How do we explain then that on p.63, there is a “Song for April,” also dated 1971, in a private collection?

It is, in fact, the original, thus the “mother” of the recovered twin paintings. But since the photograph is in black-and-white, there is no telling if the “twins” share the same chromatic DNA as the mother.

More: The so-called “Interlocked” series 1-3 all dated 1971, is each a quadrant of what constitutes the whole of the 1954 “Fifty Four J,” attributed on p.177 as being in the collection of a National Artist but is actually now in the collection of a major bank.

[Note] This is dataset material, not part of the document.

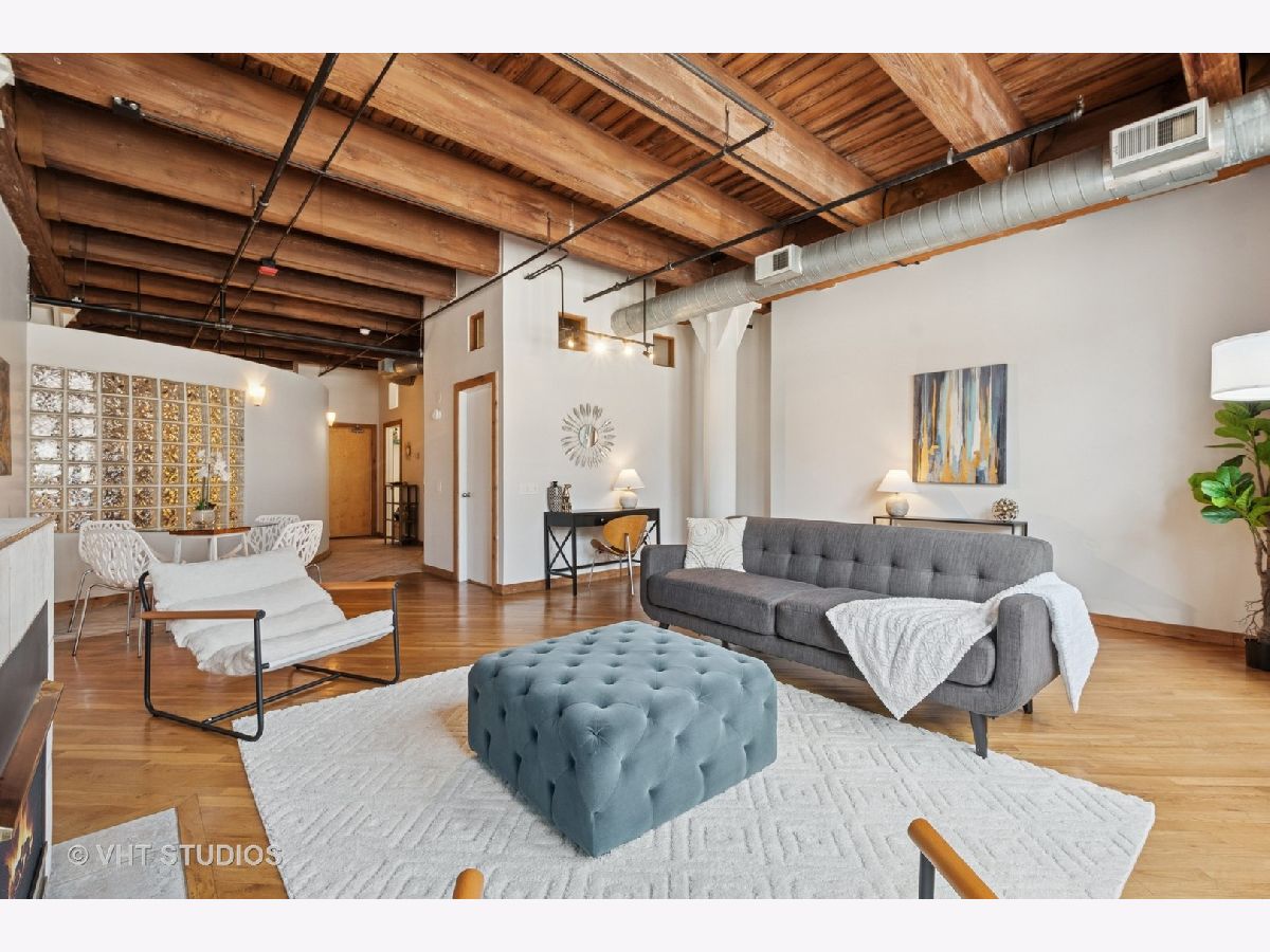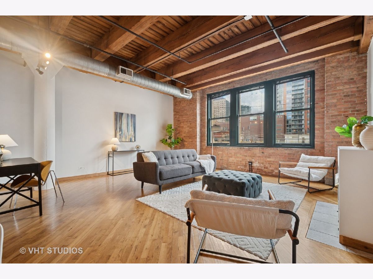 WALK TO ALL THAT THE SOUTH LOOP/PRINTERS' ROW HAVE TO OFFER INCLUDING SOUTH LOOP ELEMENTARY SCHOOL, THE LAKE, ROOSEVELT COLLECTION, DEARBORN STATION, RETAIL & RESTAURANTS ON CLARK AND PUBLIC TRANSPORTATION (REDLINE/METRA) FROM THIS LARGE 1BD/1BTH EXTRA WIDE (20FT) TIMBER LOFT LOCATED IN ALL BRICK/LIMESTONE BOUTIQUE ELEVATOR HISTORIC BUILDING, FORMER PRINTING PRESS. GRACIOUS FOYER LEADS TO MASSIVE GREAT ROOM (LIVING ROOM, DINING AREA AND BONUS OFFICE NOOK) WITH GAS FIREPLACE AND HUGE EAST FACING WINDOWS WITH CITY VIEWS. CRISP WHITE KITCHEN WITH AMPLE STORAGE AND COUNTER SPACE. LARGE BATH WITH TAILORED VANITY AND SOAKING TUB/SHOWER COMBO. PRIMARY SUITE WITH 2 CLOSETS AND ROOM FOR KING-SIZED FURNITURE. EXPOSED BRICKS, TIMBER BEAMS, TALL CEILINGS (11+) AND HARDWOOD FLOORS THROUGHOUT. RARE LAUNDRY ROOM WITH IN-UNIT W/D. ASSESSMENTS INCLUDE INTERNET, ADDITIONAL STORAGE, PROFESSIONAL MANAGEMENT, PART-TIME DOOR-STAFF AND WATER. RENTAL PARKING NEXT DOOR AVAILABLE AND PERMIT STREET PARKING. SEE THE VIDEO WALK-THROUGH TOUR NEXT TO PHOTOS!!!

On p.100, a single painting “Masks,” dated 1956, has been subdivided into a “Mascara,” 1961, and “Maskara Series,” 1971. On p.101, “Politico Cancer,” 1958, has metastasized into an almost exact duplicate in “Political Cancer,” 1961.

Ocampo, who took great pride on his relentless ability to create multifarious organic forms, was never known to have indulged in recycling his works.

National Museum verdict

To show her good faith, the dealer has agreed to have these works examined and scientifically tested by the National Museum.

Thus the entire artistic community—indeed, the whole country, for these works are the purported legacy of a National Artist—now awaits the verdict of the National Museum.

Editor’s note: More than a month after the exhibit, the works have yet to be submitted to the National Museum for laboratory tests.

Photos from the book “HR Ocampo: The Artist as Filipino” and Catalog 101 Years.